─── ENTRIES PROVIDED ───

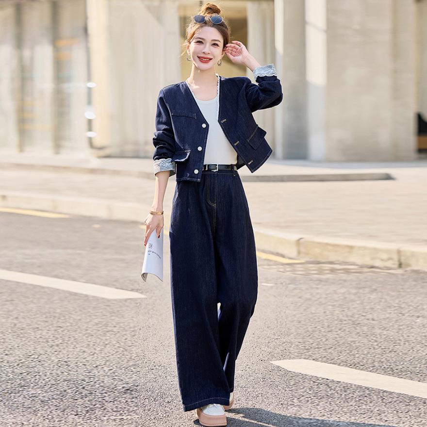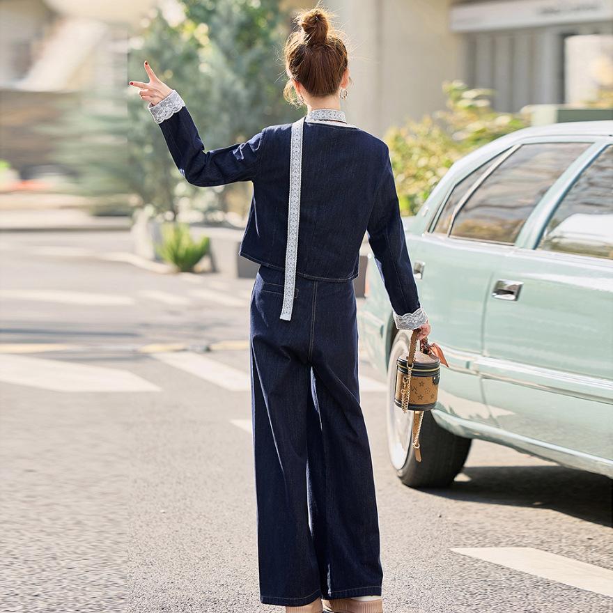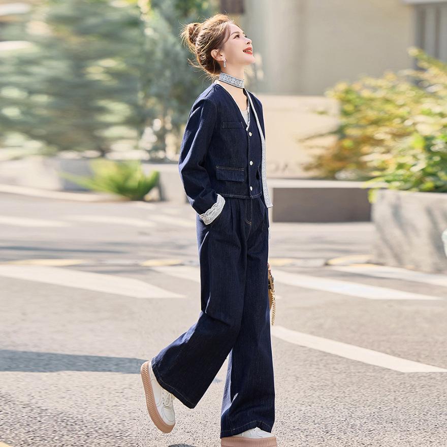 Джинсовый костюм женский весна и осень новый модный темпераментный дизайн чувство темперамент жареная улица широкие брюки комплект из двух предметов
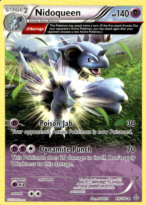The Nidoqueen 2015 XY: Primal Clash #069/160 Base card in Raw TCG (Lightly Played) condition has not changed in price in the last 30 days and was last sold for $3.00 .
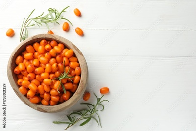 Fresh sea buckthorn berries in bowl and leaves on white wooden table, flat lay. Space for text
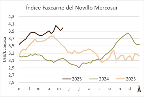 El valor medio del ganado a faena en la región dejó atrás dos semanas de corrección a la baja y subió gracias, fundamentalmente, a la recuperación de los precios en Argentina. El Índice Faxcarne del Novillo Mercosur aumentó 8 cents en la semana a US$ 4,00 el kilo carcasa.
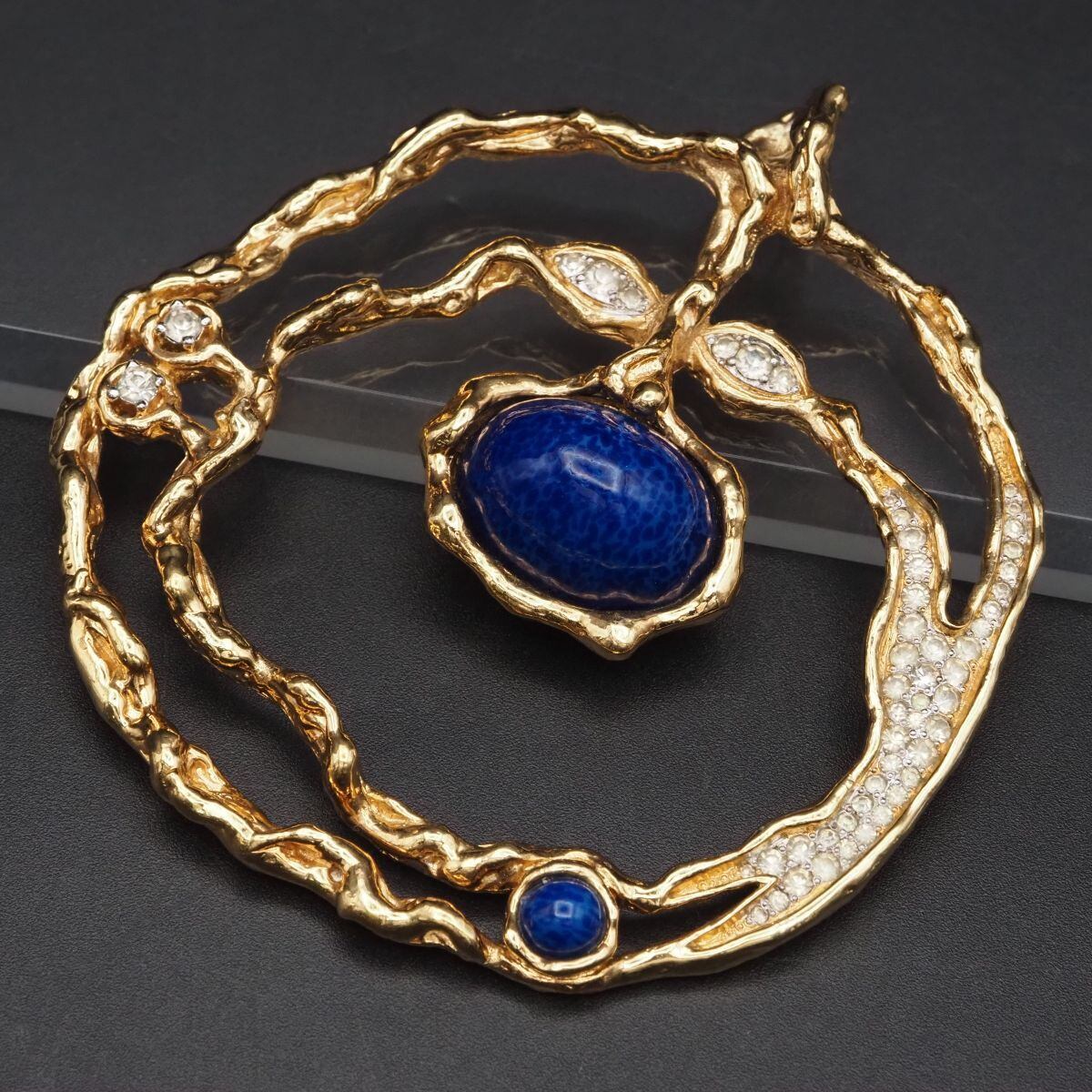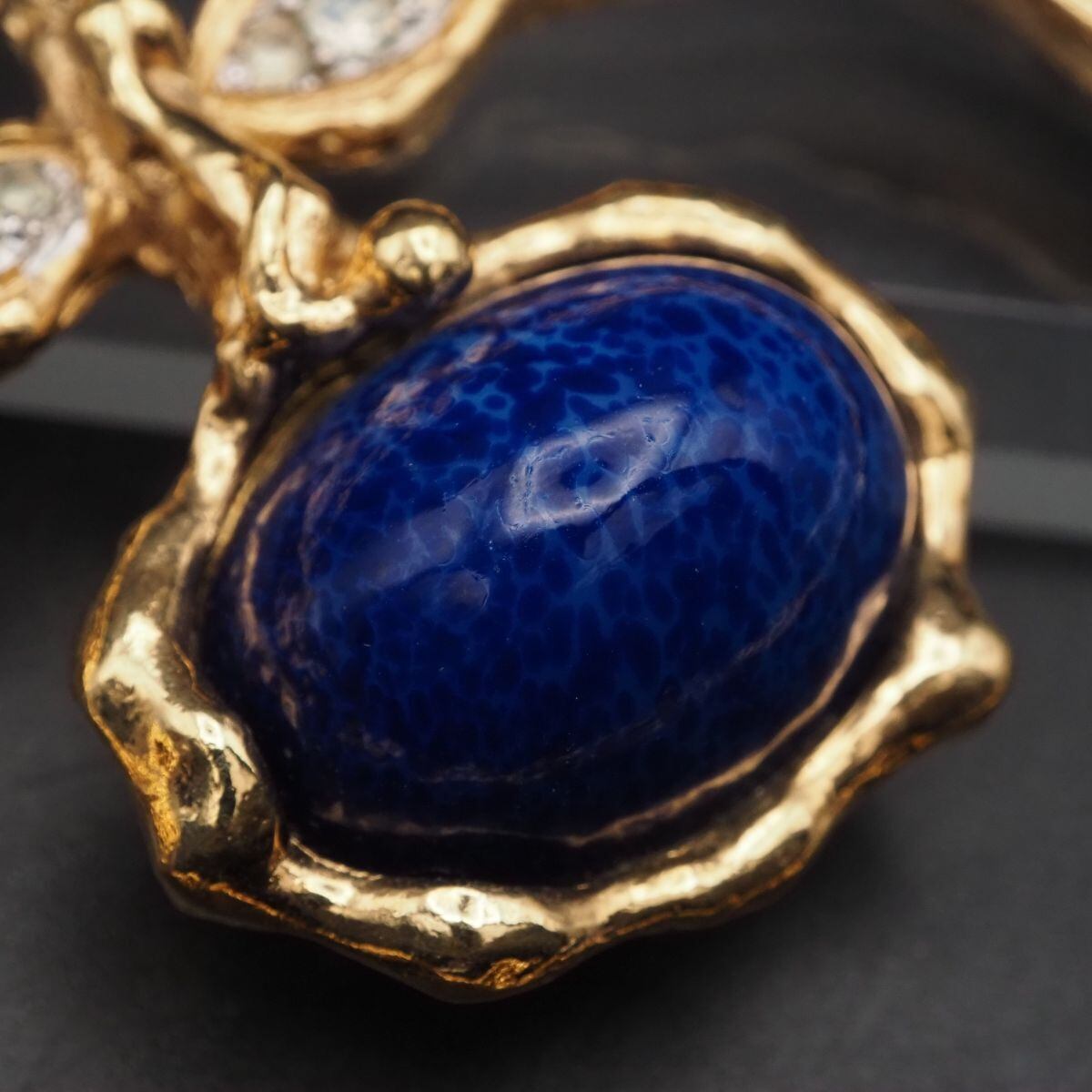 G198 特大 PANETTA パネッタ ペンダント トップ 大ぶり ブルーガラス ラインストーン ゴールド デザイン チャーム ヘッド

───

◆ TASK ITEM:
When you write out the material, keep every line exact and leave out each picture.

◆ REPLY TO THE EXERCISE:
 Джинсовый костюм женский весна и осень новый модный темпераментный дизайн чувство темперамент жареная улица широкие брюки комплект из двух предметов
The Nidoqueen 2015 XY: Primal Clash #069/160 Base card in Raw TCG (Lightly Played) condition has not changed in price in the last 30 days and was last sold for $3.00 .
 Fresh sea buckthorn berries in bowl and leaves on white wooden table, flat lay. Space for text
 El valor medio del ganado a faena en la región dejó atrás dos semanas de corrección a la baja y subió gracias, fundamentalmente, a la recuperación de los precios en Argentina. El Índice Faxcarne del Novillo Mercosur aumentó 8 cents en la semana a US$ 4,00 el kilo carcasa.
 G198 特大 PANETTA パネッタ ペンダント トップ 大ぶり ブルーガラス ラインストーン ゴールド デザイン チャーム ヘッド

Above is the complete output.